■ **Exercise goal**:
Skip every picture, and output exactly the lines starting at the one with "Kısa Kaban Kaşe" and running through the last line of the material below.

■ **Data**:
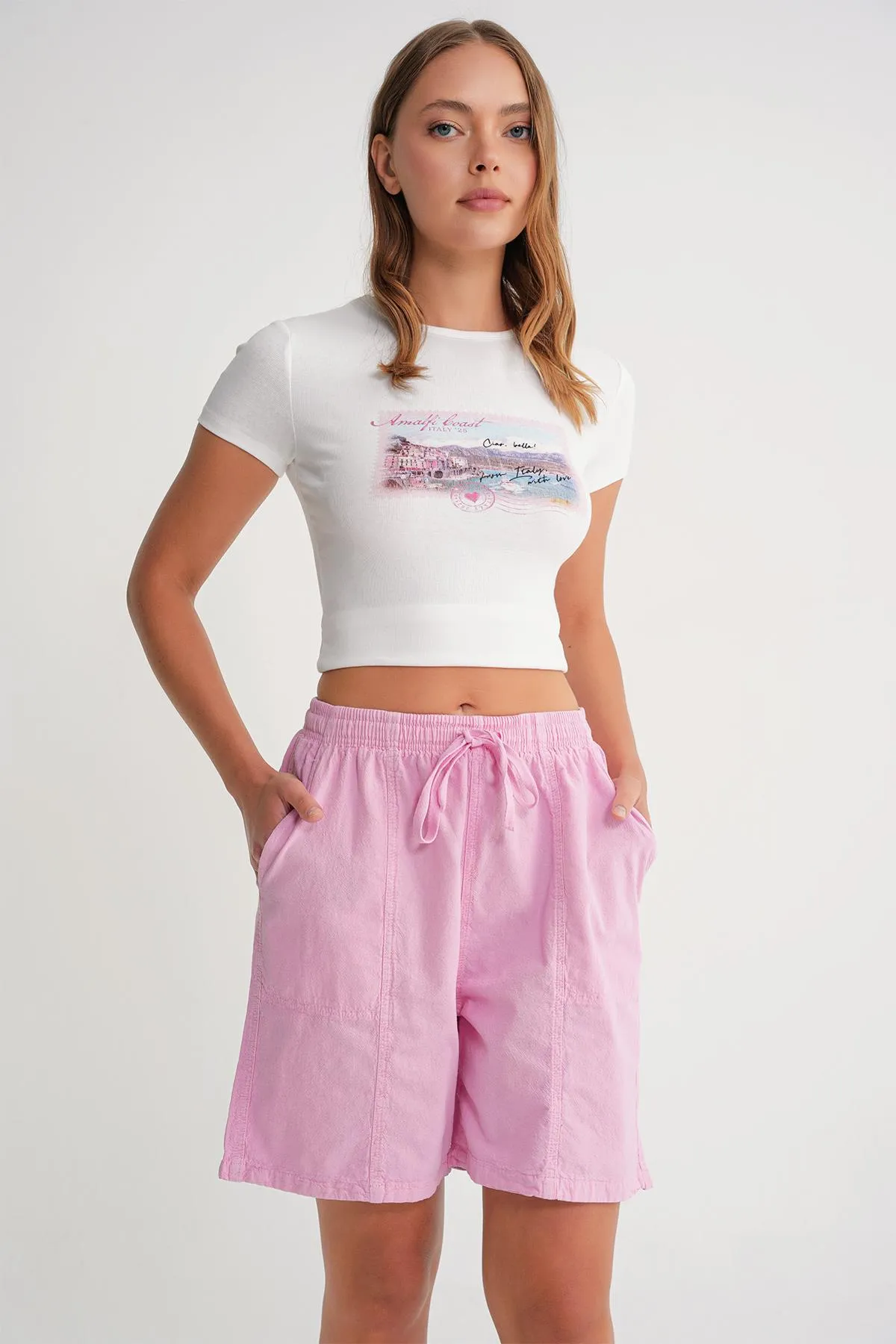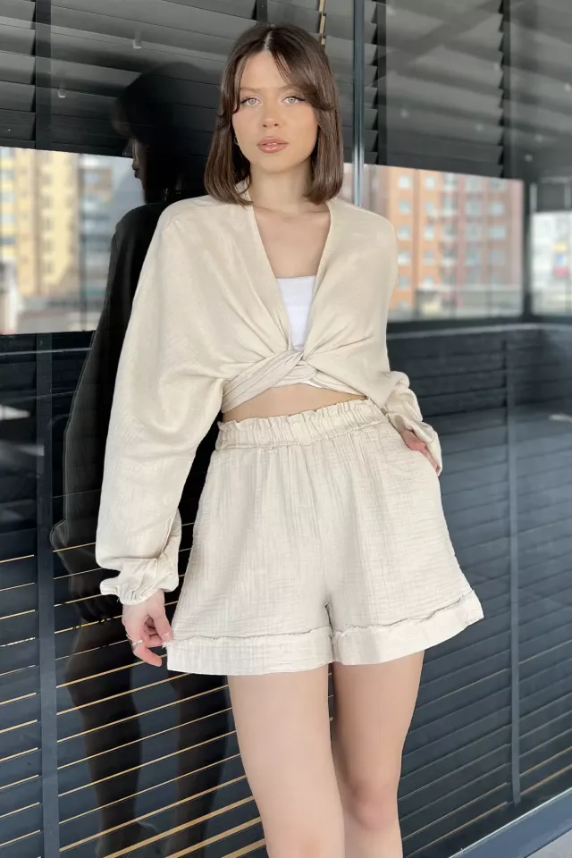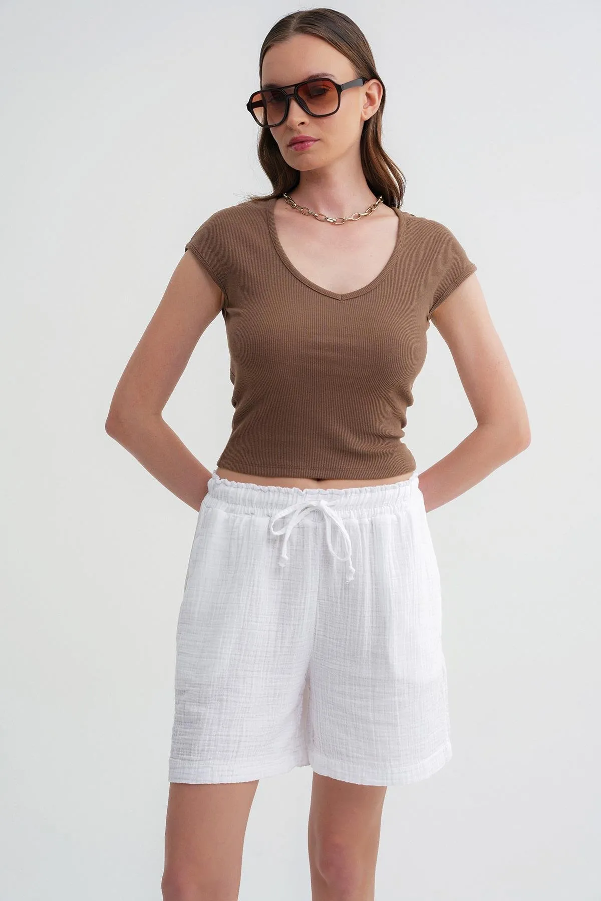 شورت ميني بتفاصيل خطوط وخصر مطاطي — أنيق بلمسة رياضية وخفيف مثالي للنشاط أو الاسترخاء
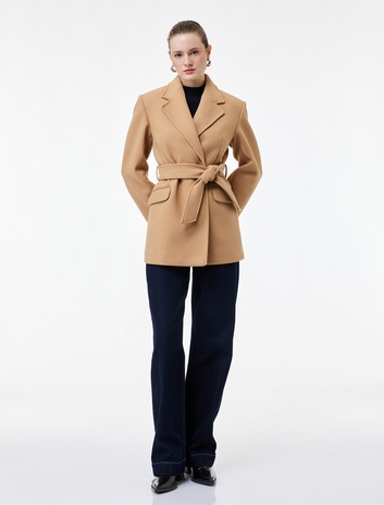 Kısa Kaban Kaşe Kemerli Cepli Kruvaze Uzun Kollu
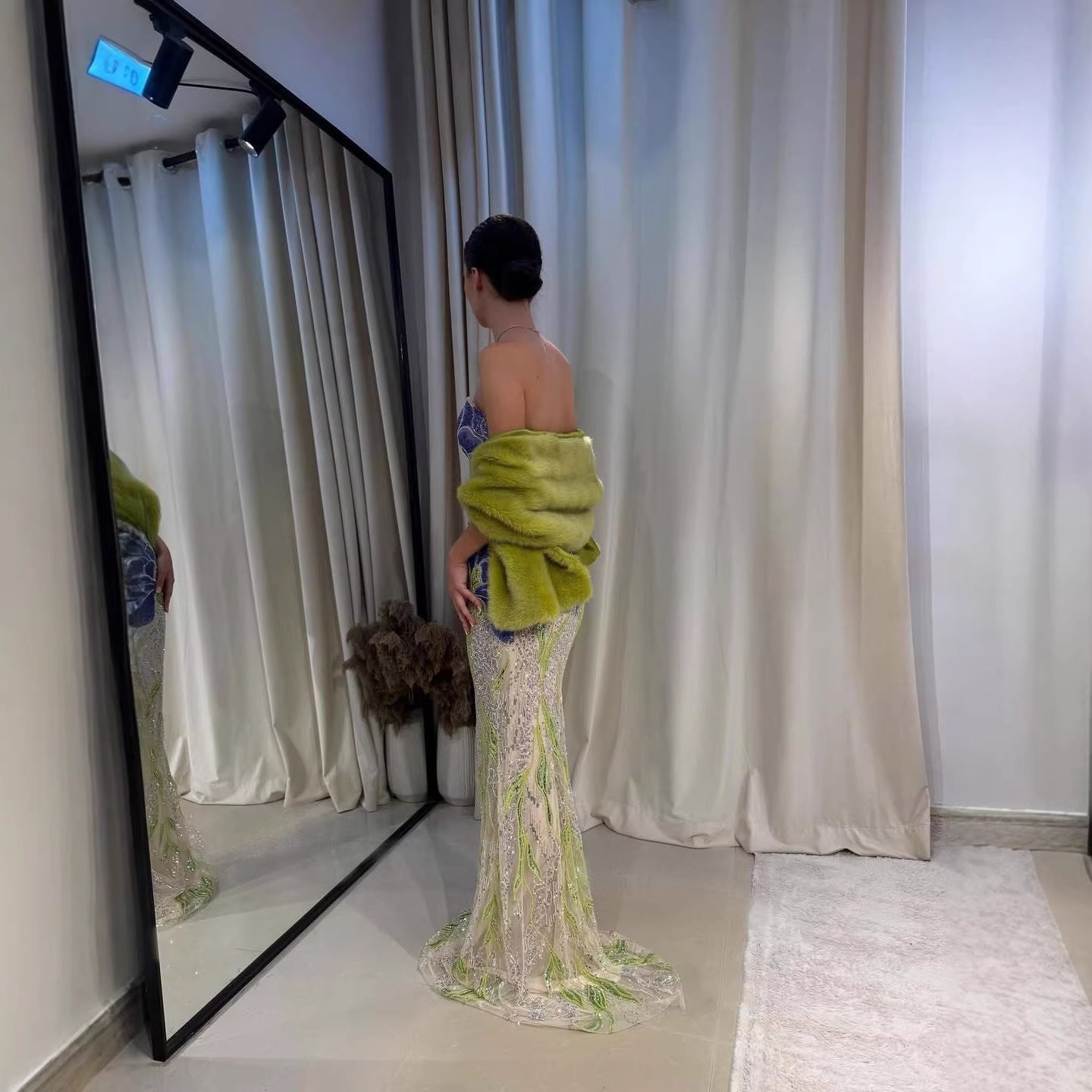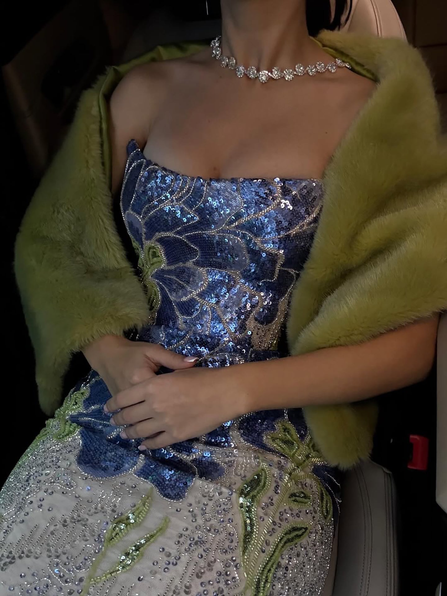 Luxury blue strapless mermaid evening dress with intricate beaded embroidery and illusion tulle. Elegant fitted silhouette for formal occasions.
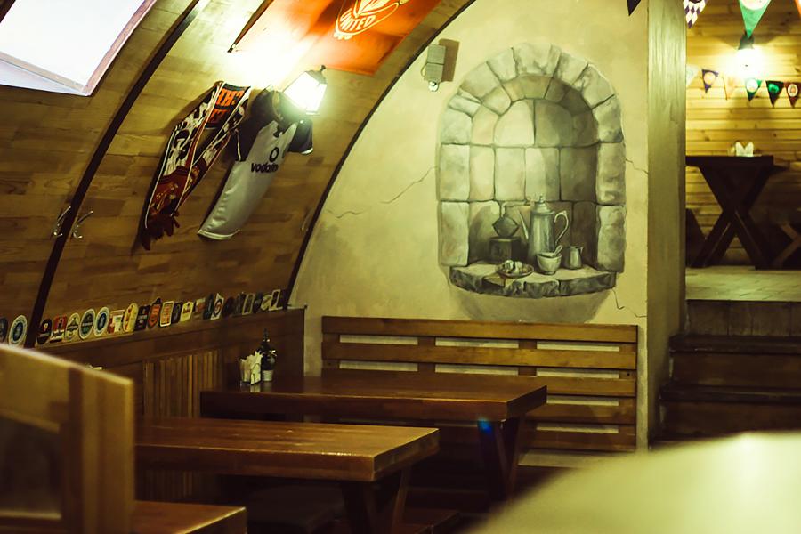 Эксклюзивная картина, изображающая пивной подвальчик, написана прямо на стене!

■ **Solution below**:
 Kısa Kaban Kaşe Kemerli Cepli Kruvaze Uzun Kollu
 Luxury blue strapless mermaid evening dress with intricate beaded embroidery and illusion tulle. Elegant fitted silhouette for formal occasions.
 Эксклюзивная картина, изображающая пивной подвальчик, написана прямо на стене!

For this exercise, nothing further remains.